Well-known risk analyst and “Black Swan” author Nassim Nicholas Taleb seemingly changed his previously positive attitude toward Bitcoin, calling it a “gimmick” and an “open Ponzi scheme” during an interview with CNBC’s Squawk Box yesterday.
“[Bitcoin] has characteristics of an open Ponzi, everybody knows it’s a Ponzi,” Taleb said. “Basically, there’s no connection between inflation and Bitcoin. None. I mean, you can have hyperinflation and Bitcoin going to zero. There’s no link between them.”
“Stay out of #bitcoin. Buy stocks that are stable and buy things you understand,” @nntaleb on how to hedge risk in today’s market. pic.twitter.com/xvNXuguRwa
— Squawk Box (@SquawkCNBC) April 23, 2021
“These gimmicks, you have Bitcoin today. You may have another one tomorrow. They come and go, and there’s no systematic link between them and the claims they make,” he argued, adding, “It’s a beautifully set up cryptographic system. It’s well made but there’s absolutely no reason it should be linked to anything economic.”
A Ponzi scheme without malefactors
A Ponzi (pyramid) scheme, named after its creator Charles Ponzi, is a method of fraud where malicious actors are siphoning funds out of unsuspecting victims by promising them great returns. Simultaneously, crooks rely on inflows of “fresh blood” into their scheme to actually pay some amounts of cash to previous investors—in exchange for bringing in new ones.
In this light, Bitcoin can indeed be perceived as a global, decentralized Ponzi scheme that doesn’t even have any specific organizers behind it. As it stands, most people buy Bitcoin expecting its price to grow—and that is only possible when new people start buying the crypto. This creates a perpetual cycle of price appreciation where early investors essentially get rewarded when new people buy the asset at increased prices.

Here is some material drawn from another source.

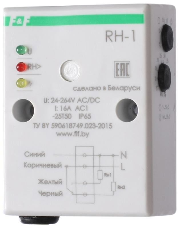 Реле контроля влажности RH-1 (четырехфункциональный встроен. датчик монтаж на плоскость) 230В 16А 1NO/NC IP20 F&F EA07.003.001 Евроавтоматика F&F

Despite that Taleb has spoken much more positively about Bitcoin in the past, his views changed over the past couple of years. Partly this is because the narrative around Bitcoin has shifted from it being a currency—as in “medium of exchange”—to being a store of value or even “digital gold.”
Not so much of a currency
Speaking to CNBC, however, Taleb explained that an asset whose price can easily move by 20% or more in a month “cannot be a currency. It’s something else.”
“I bought into it […] not willing to have capital appreciation, so much as wanting to have an alternative to the fiat currency issued by central banks: A currency without a government,” Taleb explained, adding, “I realized it was not a currency without a government. It was just pure speculation. It’s just like a game. I mean, you can create another game and call it a currency.”
Investors who want to offset inflation would be better off allocating their money into something tangible that can bring them yields in the future, Taleb argued. As an example, he suggested buying a piece of land and growing olives on it. The latter can be turned into olive oil, for example, and “if the price collapses, you’ll have something.”
“But Bitcoin, there’s no connection and, of course, the best strategy for investors is to own things that produce yields in the future. In other words, you can fall back on real dollars coming out of the company,” Taleb concluded.